Episode 11 brought together Terminator Genisys stars Arnold Schwarzenegger , Emilia Clarke , and Jake Gyllenhaal . A standout moment involved Clarke discussing her Game of Thrones husband and Schwarzenegger delivering his legendary "I'll be back" catchphrase. the graham norton show season 17 m4a

Season 17 balanced high-energy chat with world-class musical performances. Notable Guests Musical Guest Stanley Tucci , Kim Cattrall , Harry Enfield Carey Mulligan , Noomi Rapace , Amanda Holden Jessie Ware Matt LeBlanc , Kit Harington , Rebel Wilson Mumford & Sons Kylie Minogue , Simon Pegg , Michael McIntyre Brandon Flowers Chris Pratt , Melissa McCarthy , Jude Law Florence + The Machine Mark Wahlberg , Seth MacFarlane , Dara Ó Briain Cyndi Lauper Why This Season Remains Popular The Graham Norton Show Season 17 Episodes - TV Guide The most striking episode of Season 17 features

Without video, the transition between Miley Cyrus’s chaotic energy and Kevin Bridges’s dry Scottish deadpan is purely sonic. The M4A captures the pause —the silent second where Cyrus’s energy hits the brick wall of Bridges’s reticence. On TV, Norton saves this with a visual cutaway. In M4A, that silence is comedic gold, building tension that feels more real than any laugh track. In M4A, however, it becomes riveting

Episode 7 featured George Clooney and Hugh Laurie , where Clooney shared stories about his legendary pranks on Brad Pitt.

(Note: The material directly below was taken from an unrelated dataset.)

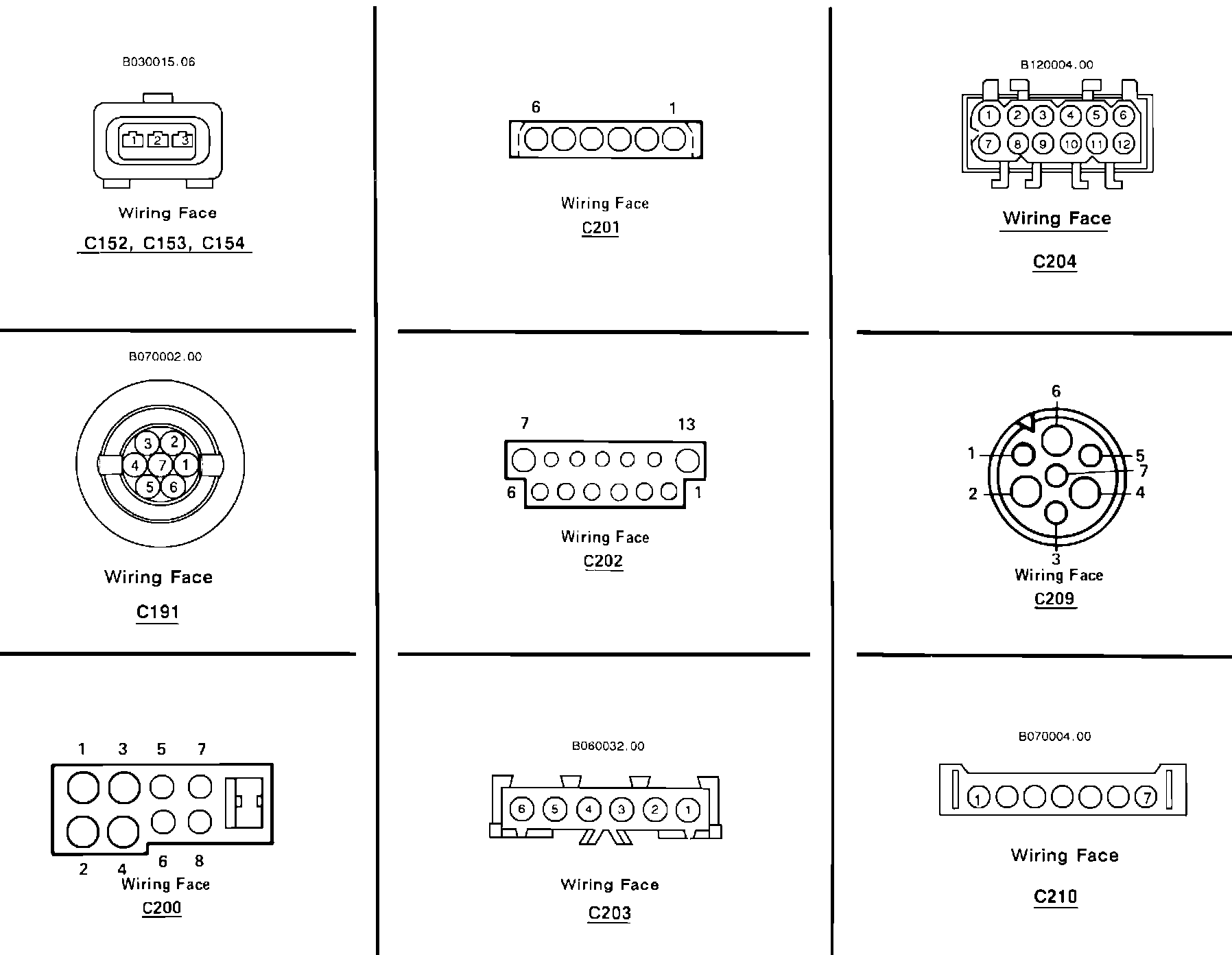 Connector Views: C152 Thru C154, C191, C200 Thru C204, C209 And C210:

To be fair, the M4A format has a fatal flaw regarding Season 17: the physical gag . In S17E07, Miriam Margolyes produces a life-size rubber chicken from her purse. On TV, this is surreal. In M4A, the listener hears the rustle of plastic, Norton’s delayed “What is that ?”, and the audience’s scream-laugh, but the joke lands 40% slower. The brain scrambles to imagine the object, often failing. This reveals the show’s reliance on visual absurdism —a reliance the M4A listener must simply accept as ambient noise.

Without the visual distraction of his stiff posture, the listener focuses entirely on the crack in his voice , the over-loud laugh , and the too-fast recovery . The M4A format transforms a trainwreck interview into a raw audio documentary about anxiety and performance pressure. You aren’t watching a man fail at PR; you are listening to someone survive a seven-minute ordeal. This is the hidden power of the audio-only version—it amplifies vulnerability.